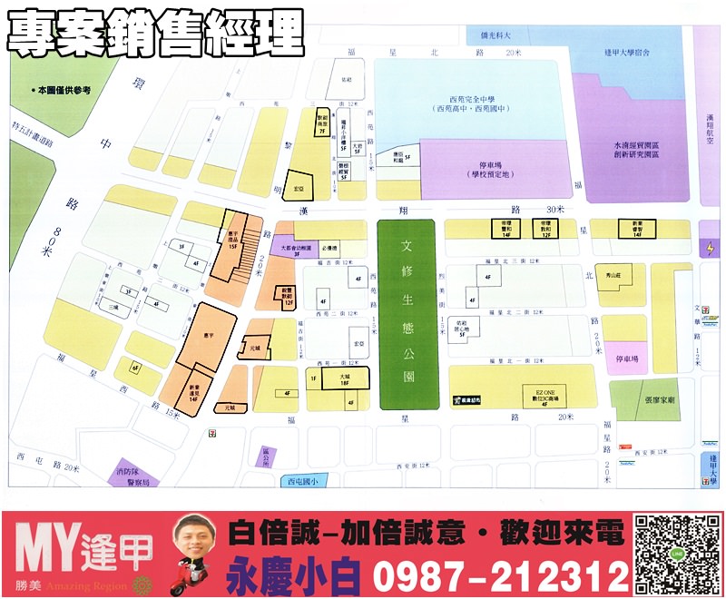 「勝美MY逢甲」學區:長安國小、上安國小、上石國小、西屯國小、葳格國中、至善國中、逢甲大學。
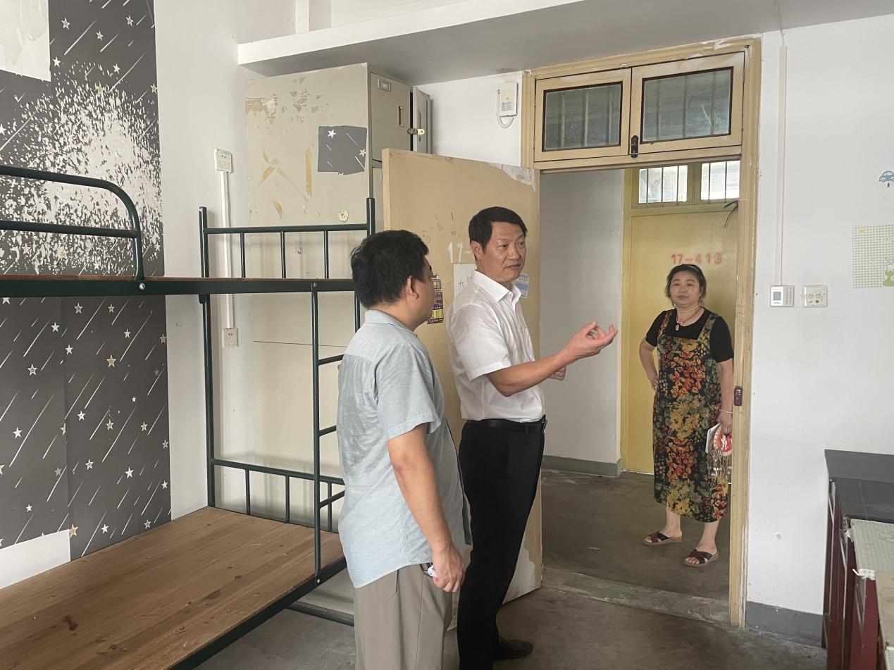 余涛细致查看了新生宿舍,对学生即将入住的宿舍布局等提出要求,余涛指出,做好学生工作首先是定位,要以立德树人、为国育人、为国育才为宗旨,要以学生为中心,要把学生当做自己的亲人去考虑,要设身处地的去为学生着想;其次是要踏实,要把宿舍的布局、卫生等在现有的有限条件下尽量做好,为新入校的学生们提供一个良好的居住环境;最后,余涛强调,要向新生解读好湖师文化,引导学生积极的去发现湖师底蕴和文化,实现“以文化人”和“以文育人”。
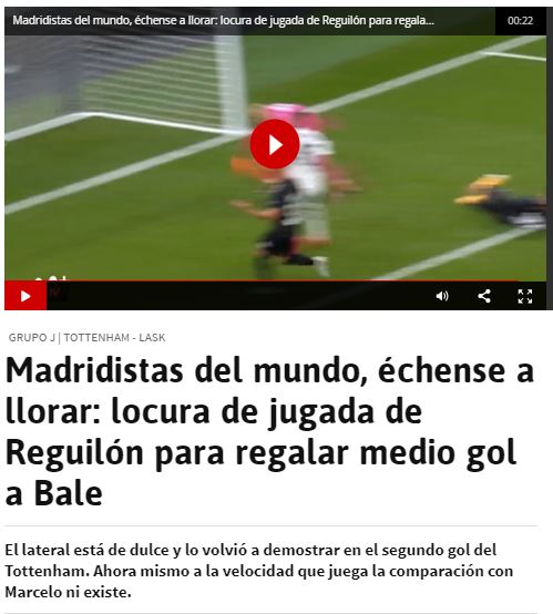 El «tonito» ya es de deshueve hacia los «madridistas del mundo, échense a llorar». La realidad es que es una muy buena jugada del lateral madrileño, que se la cede a Lamela, quien a su vez abre para Bale y el centro de este termina desviado a gol por un defensa del Lask, un equipo austriaco de la Europa League. Ni pase directo, ni medio gol, ni leches. Pero lo que se busca es resaltar el error del Madrid y de su entrenador, como se ve en el primer párrafo: «ahora mismo a la velocidad que juega la comparación con Marcelo ni existe». A mí me encanta Sergio Reguilón, del mismo modo que durante años Marcelo me ha parecido el mejor lateral izquierdo del mundo, pero el club ha apostado por Mendy y Marcelo, y cuenta con un lateral muy prometedor llamado Miguel Gutiérrez, que está a punto de dar el salto. Pero, sobre todo, el Madrid ha vendido a Reguilón porque necesita los ingresos (que nadie olvide la crisis económica por la pandemia) para no acabar como el Barça. Todo eso da igual, para la prensa el Madrid erró con su salida. En este artículo reciente que publiqué para La Galerna mencioné más de una veintena de titulares en la misma línea sobre los exmadridistas por el mundo.

+ + +

Your instructions: For the material above, repeat each line exactly and leave out the pictures.

Output for this task:
 「勝美MY逢甲」學區:長安國小、上安國小、上石國小、西屯國小、葳格國中、至善國中、逢甲大學。
 余涛细致查看了新生宿舍,对学生即将入住的宿舍布局等提出要求,余涛指出,做好学生工作首先是定位,要以立德树人、为国育人、为国育才为宗旨,要以学生为中心,要把学生当做自己的亲人去考虑,要设身处地的去为学生着想;其次是要踏实,要把宿舍的布局、卫生等在现有的有限条件下尽量做好,为新入校的学生们提供一个良好的居住环境;最后,余涛强调,要向新生解读好湖师文化,引导学生积极的去发现湖师底蕴和文化,实现“以文化人”和“以文育人”。
 El «tonito» ya es de deshueve hacia los «madridistas del mundo, échense a llorar». La realidad es que es una muy buena jugada del lateral madrileño, que se la cede a Lamela, quien a su vez abre para Bale y el centro de este termina desviado a gol por un defensa del Lask, un equipo austriaco de la Europa League. Ni pase directo, ni medio gol, ni leches. Pero lo que se busca es resaltar el error del Madrid y de su entrenador, como se ve en el primer párrafo: «ahora mismo a la velocidad que juega la comparación con Marcelo ni existe». A mí me encanta Sergio Reguilón, del mismo modo que durante años Marcelo me ha parecido el mejor lateral izquierdo del mundo, pero el club ha apostado por Mendy y Marcelo, y cuenta con un lateral muy prometedor llamado Miguel Gutiérrez, que está a punto de dar el salto. Pero, sobre todo, el Madrid ha vendido a Reguilón porque necesita los ingresos (que nadie olvide la crisis económica por la pandemia) para no acabar como el Barça. Todo eso da igual, para la prensa el Madrid erró con su salida. En este artículo reciente que publiqué para La Galerna mencioné más de una veintena de titulares en la misma línea sobre los exmadridistas por el mundo.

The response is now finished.